What is needed: Exact copy, pictures excluded: set down only the lines from the one with "Musée du Louvre" through the end of the entries, keeping both end lines.

....................

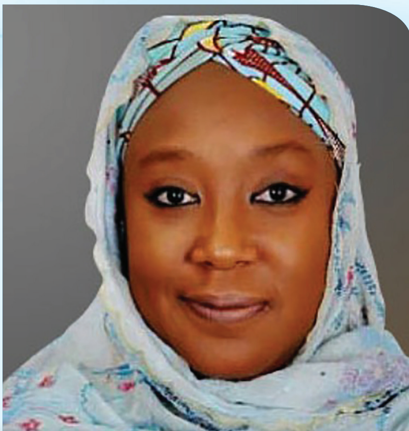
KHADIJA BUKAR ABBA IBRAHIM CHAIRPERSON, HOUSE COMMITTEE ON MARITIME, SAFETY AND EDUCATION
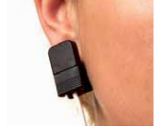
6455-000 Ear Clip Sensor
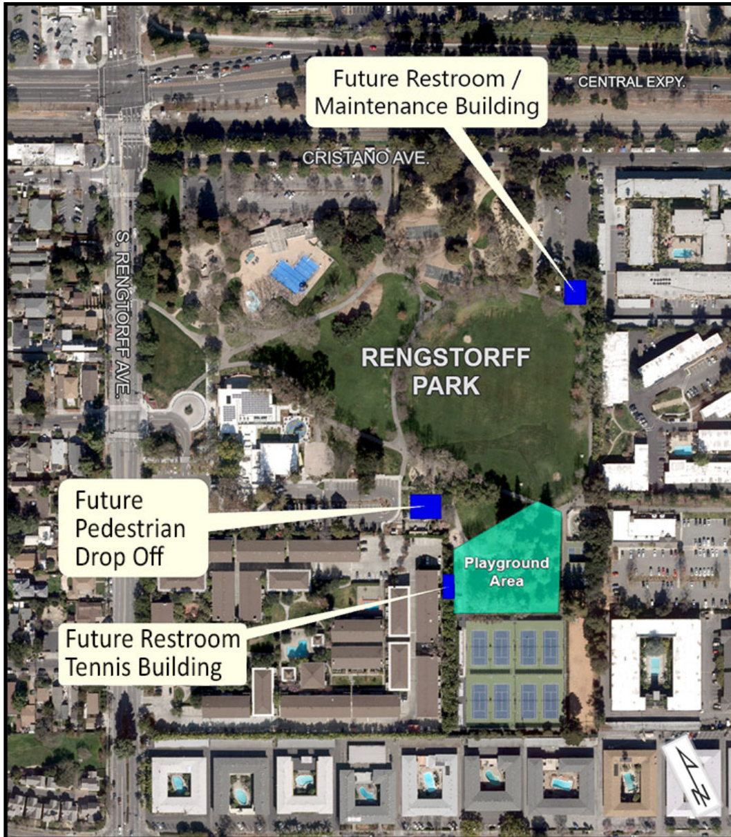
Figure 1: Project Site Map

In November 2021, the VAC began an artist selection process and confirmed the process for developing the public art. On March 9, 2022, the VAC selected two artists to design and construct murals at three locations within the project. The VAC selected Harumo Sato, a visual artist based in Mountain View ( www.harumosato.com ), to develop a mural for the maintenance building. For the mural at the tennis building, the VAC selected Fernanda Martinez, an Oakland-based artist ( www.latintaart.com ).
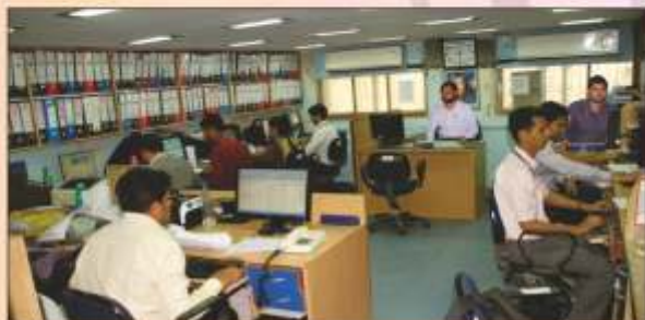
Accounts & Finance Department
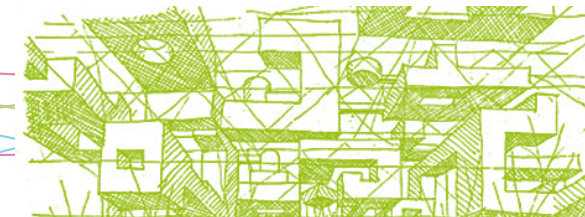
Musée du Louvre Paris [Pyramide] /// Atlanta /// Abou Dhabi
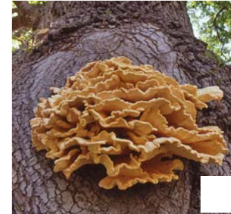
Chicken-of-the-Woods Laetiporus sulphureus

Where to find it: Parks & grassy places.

....................

Response to the exercise:
Musée du Louvre Paris [Pyramide] /// Atlanta /// Abou Dhabi
Chicken-of-the-Woods Laetiporus sulphureus

Where to find it: Parks & grassy places.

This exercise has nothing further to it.